P.S. - Five Years Since Lockdown
Reflections on 5 Years Since Lockdown, how to start journaling and (actually) stick to it, + all my recent obsessions
Hi friends!
Happy April!
We’re a week into the new month, but since it’s the first Monday, I’m dropping in with your monthly bonus issue of P.S. March was full, and I’ve got a long list of favorites to share.
Today’s issue is on the longer side, so if you’re short on time, the key below can help you jump around:
🔒 Lockdown, Revisited
📝 How to Make Journaling Stick
🎧 Worth the Listen
👩🏽🍳 Recipes to Try
📚 Books to Add to Your List
🎥 Reel Roundup
🔒 Lockdown, Revisited
This March marked five years since the start of the COVID lockdowns. It's wild to think about. Those early pandemic days feel like a different lifetime, and also, like just a few weeks ago.
Reflecting on the anniversary, The Daily released an episode with a title sure to attract attention: “Were the Covid Lockdowns Worth It?” The episode features two academics, Stephen and Frances Lee, both prominent political scientists whose recent work has pushed back on the previous assumption that aggressive lockdowns were the best way forward. They’re also the authors of the new book In Covid’s Wake: How Our Politics Failed Us, and they posed some really interesting questions worth reflecting on.

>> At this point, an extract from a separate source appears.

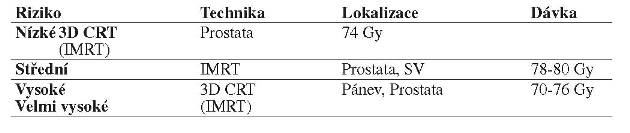 Lokalizovaný karcinom prostaty (CaP) může být léčen s kurativním záměrem radikální prostatektomií (RAPE), zevní radioterapií, intersticiální brachyradioterapií nebo kombinací těchto metod. Pacienti přijatí na Kliniku radiační onkologie MOÚ jsou na základě vstupních vyšetření (T stadium, PSA, Gleason skóre) rozdělováni do tří skupin podle rizika rekurence: nízké, střední a vysoké (případně velmi vysoké) riziko rekurence. Dle rizika rekurence je zvolena velikost ozařovaného klinického cílového objemu (CTV), dávka záření a technika ozáření (tab. č. 1).
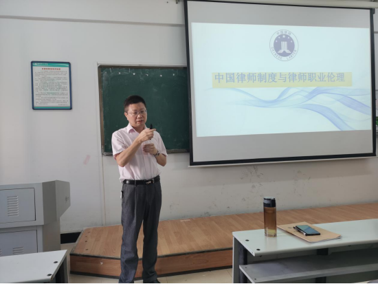 李振湘主任以问题导入,询问了同学们未来的就职意向,同学们纷纷对律师职业表现出强烈的兴趣。李振湘主任以生动有趣的案例和不同时期中国历史上典型的优秀律师代表的故事为同学们梳理了中国律师制度的发展脉络,并重点介绍了我国大成、君合、盈科等十大律师事务所以及岳州律师事务所的运行模式和业务状况。他结合自身20余年的律师从业经历与同学们分享了律师应当遵循的职业伦理。李振湘主任丰厚的实践经验、风趣的讲解风格激发了同学们对律师行业的浓厚兴趣和职业认同。

At the time, lockdowns became a political and moral lightning rod. And in many left-leaning spaces (mine included), it felt like a given that they were not only necessary but perhaps ended too soon. But Macedo and Lee push back, pointing to pre-pandemic research that suggested lockdowns likely wouldn’t contain a virus effectively—and to newer data that shows lockdowns slowed transmission but didn’t have much of an impact on overall mortality.

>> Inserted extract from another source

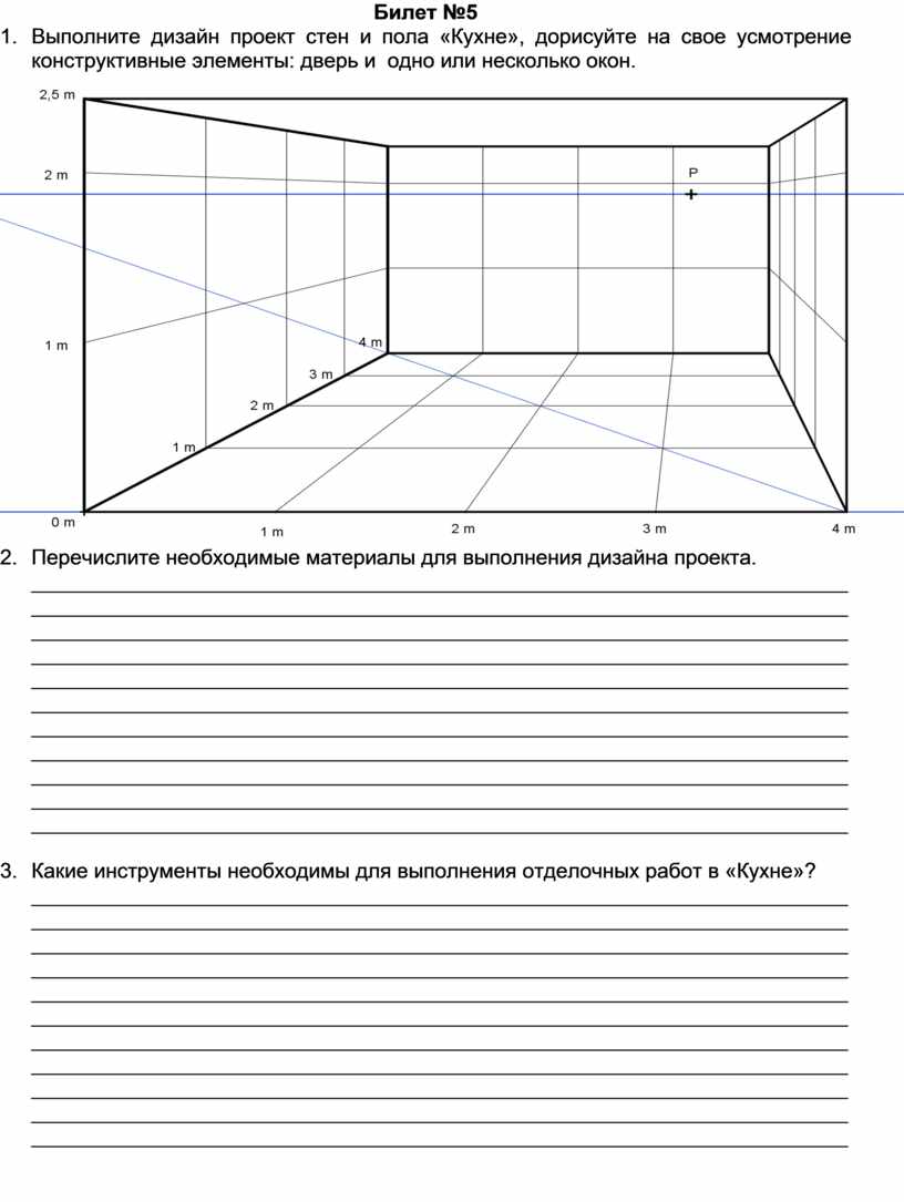 1. Выполните дизайн проект стен и пола «Кухне», дорисуйте на свое усмотрение конструктивные элементы: дверь и одно или несколько окон.

They also make a crucial point: public health policies don’t exist in a vacuum. Even if something should work in theory, it doesn’t mean people will comply in practice—and what people will actually do often matters just as much as what they should do.
At some point, lockdowns became a moral test, a symbol of caring, of doing the right thing. But five years later, I hope we can revisit these policies with more nuance and less certainty. If we’re interested in learning from these five years, we must be willing to hold our beliefs up to the light.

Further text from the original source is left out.